To people like me who sit in our central administration building, away from the many interactions taking place between staff in our services and the people they are supporting, ‘Great Interactions’ can seem a bit theoretical - more like a management exercise than the way of working which is at the core of what we do.

But one of the strengths of Great Interactions is that it is about so much more than training frontline workers to be better at their jobs. At its heart, Great Interactions focuses on dignity and respect, and how people foster that in each other. This means it is relevant to everyone in an organisation, whether they directly support people or not.

So just think, for a moment, about the interactions that underpin your working day: How do you speak to your co-workers? How do you ask for information? How do you give information? How do people feel after they have spent time with you?

And then imagine what would change if you listened more, observed more, reflected more?

And then do it!


Kathryn Bodenham
Head of Marketing


Monday, 1 August 2011

The smallest things . . .

Sometimes the smallest things have the greatest impact, and this is certainly true of a situation I found myself in last week when I arrived at 6am at a person’s home to complete an observation of Suzanne, a member of staff.

When I arrived Suzanne was supporting Adrian with his breakfast routine. Adrian appeared relaxed and happy, which was clearly a result of the way Suzanne was interacting with and responding to him. Using a range of facilitation skills, she kept her tone of voice low and gentle, her body language open, and positioned herself perfectly throughout the entire interaction, making sure that breakfast time remained calm, relaxed, unrushed and peaceful.

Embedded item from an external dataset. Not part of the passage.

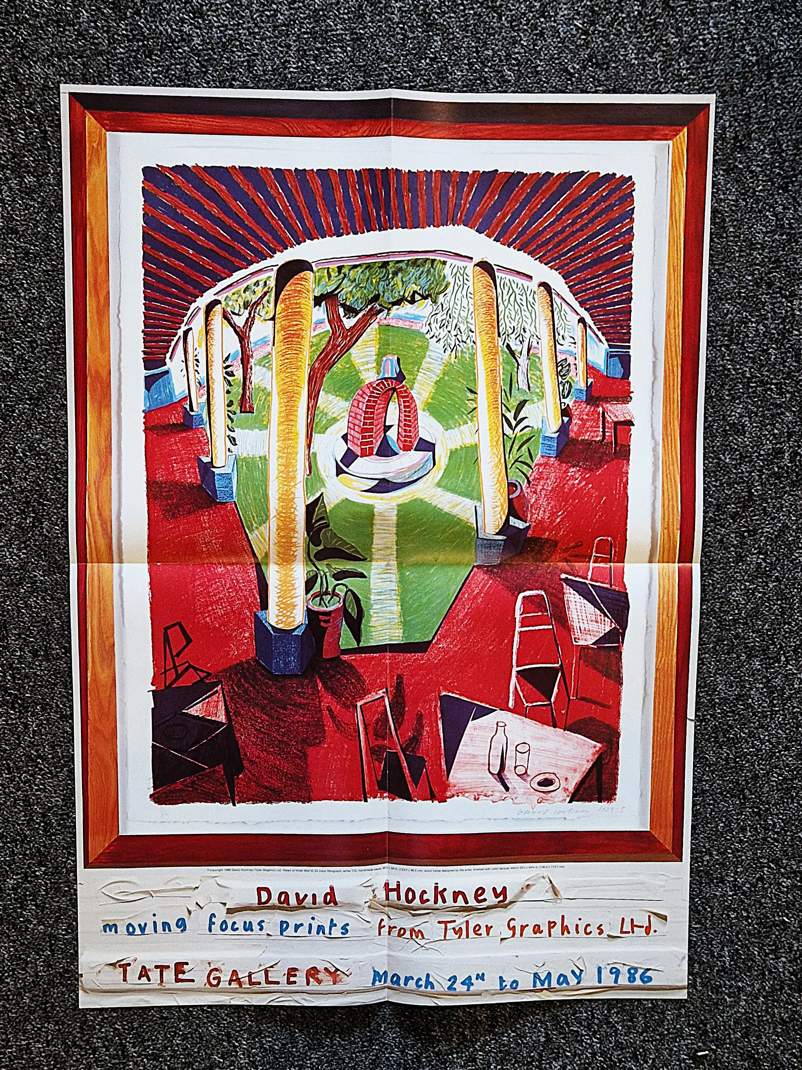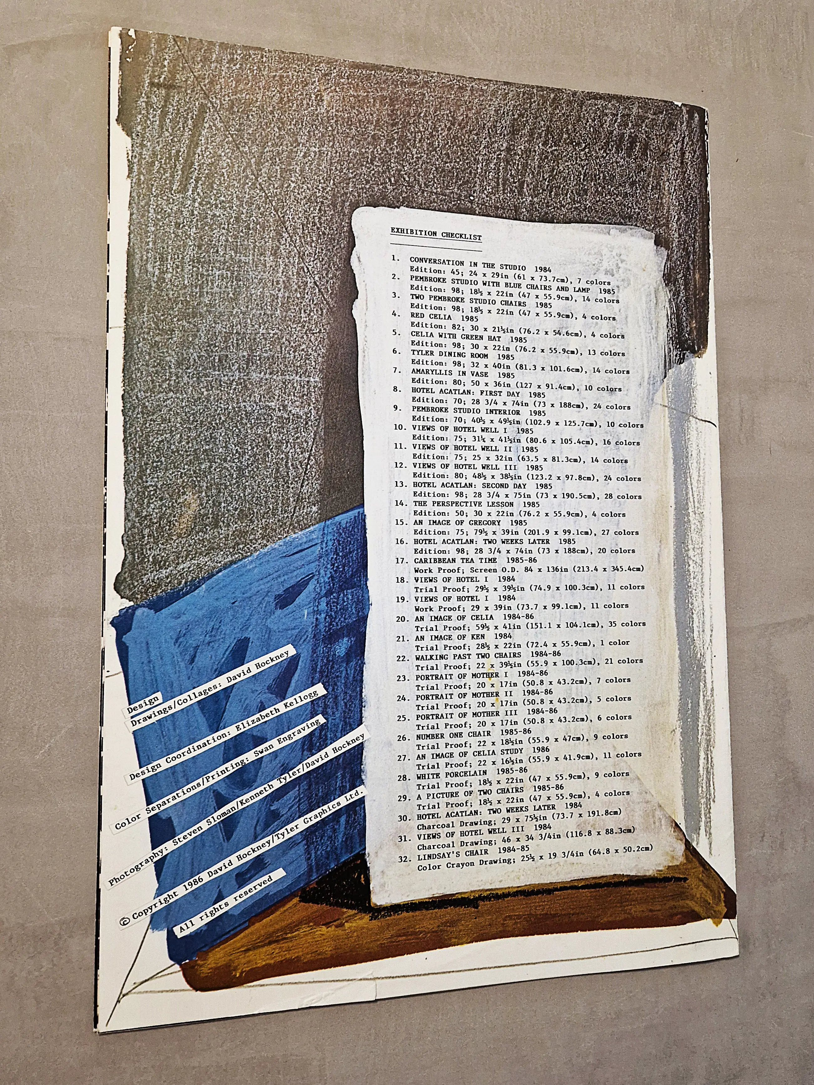 David Hockney, Moving Focus Prints, Tate Gallery, March – May 1986. A fully illustrated catalogue designed by David Hockney listing 32 works from his Moving Focus series of prints. The catalogue was produced by Tyler Graphics Ltd to accompany the exhibition.
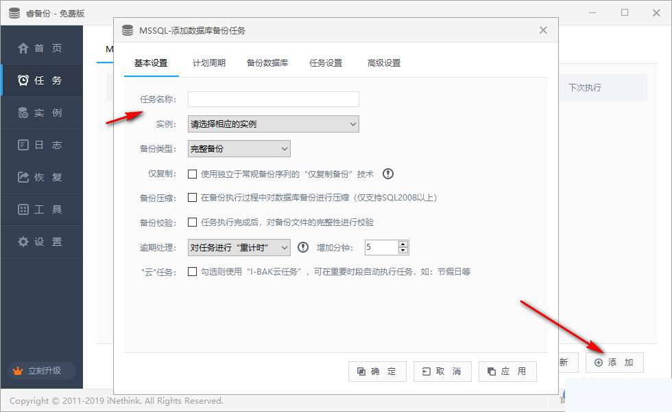 2、支持任务设置功能,可以在这里添加新的数据库任务,也可以点击右侧的“文件”类型添加备份,

Adrian took full control and made informed choices about his breakfast. The pace was perfect and clearly suited him. Support was offered at the right time and only when requested.

Whilst writing this I appreciate that in order to understand the significance of this interaction, you really need to know Adrian to fully grasp what a wonderful moment I was fortunate enough to experience.

There was genuine warmth in the relationship between the two, which was clearly reflective and responsive. When I left it was clear to me that Adrian was feeling very happy and relaxed and I suddenly realized that if I, or a member of my family, needed support with breakfast, then what I had just witnessed, was exactly how I’d like it to be – with respect, offering choice and control and being there to support and guide me, and not to do things that I can do for myself.

Moreover, thanks to Adrian and Suzanne, they weren’t the only ones who’d experienced a great start to their day!